The latest US corporate earnings have proven optimistic overall despite some misses. About 76 percent of the 379 S&P 500 companies that have released results this quarter have surpassed analysts’ estimates for profit, while 65 percent have exceeded sales projections, according to Bloomberg News.
'Shares of LinkedIn soared 11.7 percent on Friday after the company posted better-than-expected quarterly sales.
Shares of Procter & Gamble added 3 percent on Friday after the company reported better-than-expected quarterly profit and announced it will get rid of up to 100 brands, more than half, in the next two years to cut costs.
"We're going to create a faster growing more profitable company that is far simpler to manage and operate," Chief Executive Officer AG Lafley said on a conference call, Reuters reported. "Less will be much more."

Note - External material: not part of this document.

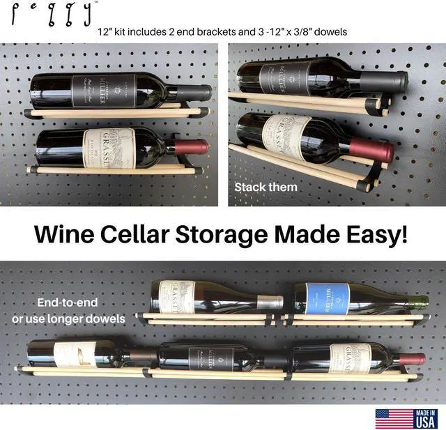 The Peggy pegboard organizer kit is a hook and dowel system using 3 12 dowel rods. The dowel rods are inserted into 2 semi-circular pegboard hooks. The 12 kit is then insert into pegboard as a storage accessory. The system is designed as storage for a variety of tapes, ribbons, wire spools, solder, and other round tools typically used in crafts, gift wrapping, electronics repairs, or on a workbench. The Peggy helps save space and reduce clutter in craft rooms, garages, work benches, electronics repair centers, and many other spaces.

AIG, Walt Disney, and Keurig Green Mountain are among companies releasing their latest quarterly earnings this week.
The American economic calendar offers reports on the PMI services index, factory orders and the ISM non-manufacturing index, due Tuesday; international trade, due Wednesday; weekly jobless claims, and consumer credit, due Thursday; and productivity and costs as well as whole trade, due Friday.
In the days ahead in Europe, there will be reports on eurozone producer prices, retail sales, services, Germany factory output, British industrial production, Italian GDP and on Thursday there will be policy decisions by the Bank of England and European Central Bank.
Meanwhile, China’s services sector grew at the slowest pace in six months in July, according to official non-manufacturing PMI data released on the weekend.
Services in China accounted for 46.6 percent of gross domestic product in the first half of 2014, 1.3 percentage points higher than the same period a year earlier, Bloomberg reported, quoting the National Bureau of Statistics.